[PAST EVENT] Bogdan Dit, Computer Science - Ph.D. Defense

June 24, 2015
1pm - 2:30pm
McGlothlin-Street Hall, Room 002
251 Jamestown Rd
Williamsburg, VA 23185Map this location
Textual or unstructured data generated during the software development process contains a significant amount of useful information that captures design decisions and the rationale of developers. One of the ways to exploit this information in order to support various software engineering (SE) tasks (e.g., concept location, traceability link recovery, change impact analysis, etc.) is to use Information Retrieval (IR) techniques (e.g., Vector Space Model, Latent Semantic Indexing, Latent Dirichlet Allocation, etc.).

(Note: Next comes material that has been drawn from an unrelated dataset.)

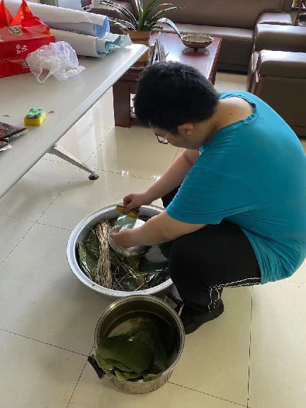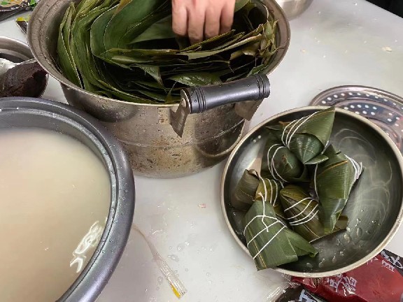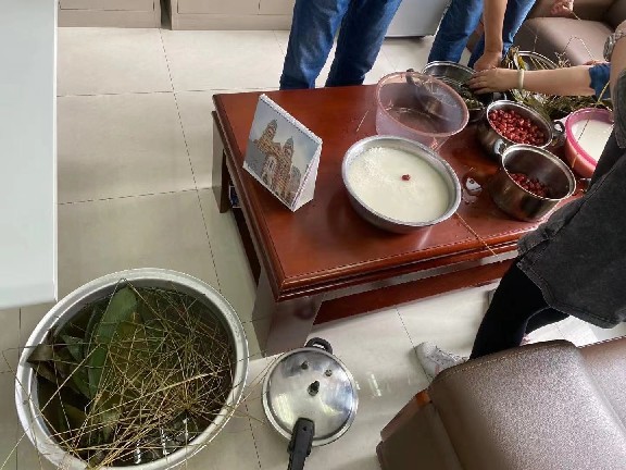 2021年6月11日早晨,許多員工就開始忙碌起來,從家里帶來電磁爐、煮鍋等炊具;事前泡好相應(yīng)數(shù)量的糯米、準備好餡的配料及包扎的柴繩、粽葉,比賽結(jié)束后幫助煮熟粽子。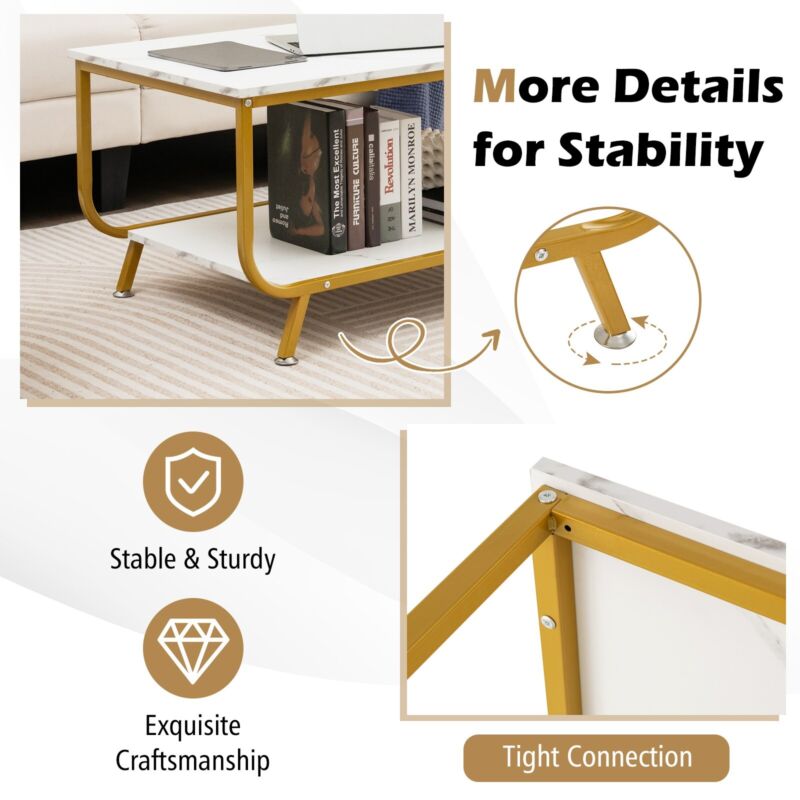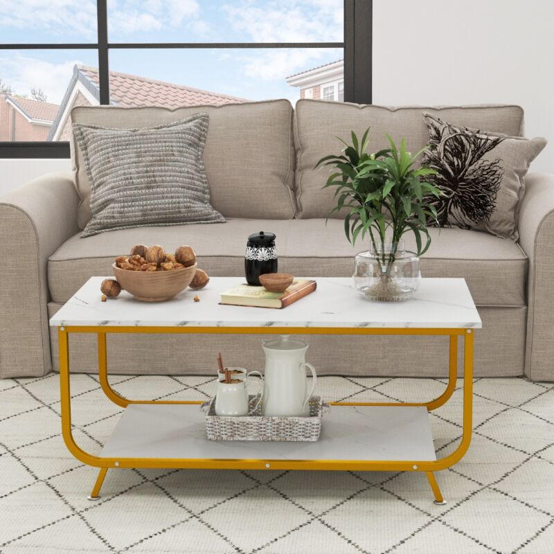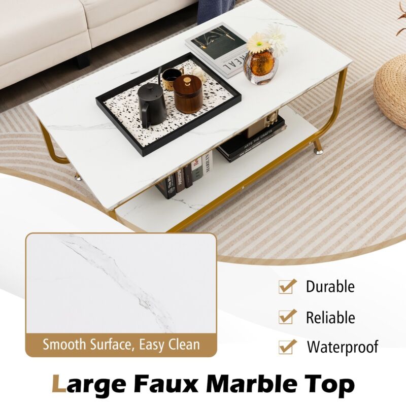 Modern Faux Marble Coffee Table 2-Tier Rectangular Accent Table Chic Cocktail

Two of the most important steps in a typical process of applying IR techniques to support SE tasks are: (i) preprocessing the corpus (i.e., a set of documents associated with a software system) by removing special characters, splitting identifiers, removing stop words, stemming identifiers, etc. and (ii) configuring the IR technique (i.e., setting up its parameters) and applying it on the preprocessed corpus.

In our previous work, we observed that the various options available for the preprocessing steps of the corpus (e.g., splitting identifiers), as well as the different parameter values for configuring IR techniques (e.g., configuring the parameters for LDA) can significantly influence the results produced by IR techniques on different datasets for various SE tasks.

This work proposes the use of Genetic Algorithms (GAs) to automatically configure and assemble an IR process to support software engineering tasks. The approach named GA-IR determines the (near) optimal solution to be used for each step of the IR process.

For example, for the corpus preprocessing steps our GA-IR approach will determine which special characters to remove, will choose the method to split the identifiers, will decide whether or not to remove stop words and how to stem identifiers. In addition, for the chosen IR technique it will automatically determine its (near) optimal parameter values. As a preliminary study, we applied GA-IR on three different software engineering tasks: (i) traceability link recovery, (ii) feature location, and (iii) identification of duplicate bug reports. The results of the study indicate that GA-IR outperforms approaches previously used in the literature, and that it does not significantly differ from an ideal upper bound that could be achieved by a supervised approach (i.e., one that knows the results a priori) and a combinatorial approach (i.e., one that considers a large number of parameter combinations and knows the results beforehand).

Bogdan Dit is a Ph.D. candidate in the Computer Science Department at the College of William & Mary. He obtained his M.S. in Computer Science from Wayne State University in 2009. His research interests include software evolution and maintenance, program comprehension, application of information retrieval in software engineering, reproducibility of experiments in software maintenance. He has published in various top Software Engineering venues such as ICSE, ICSM, EMSE. He received the Best Paper Award at the 29th IEEE International Conference on Software Maintenance (ICSM '13).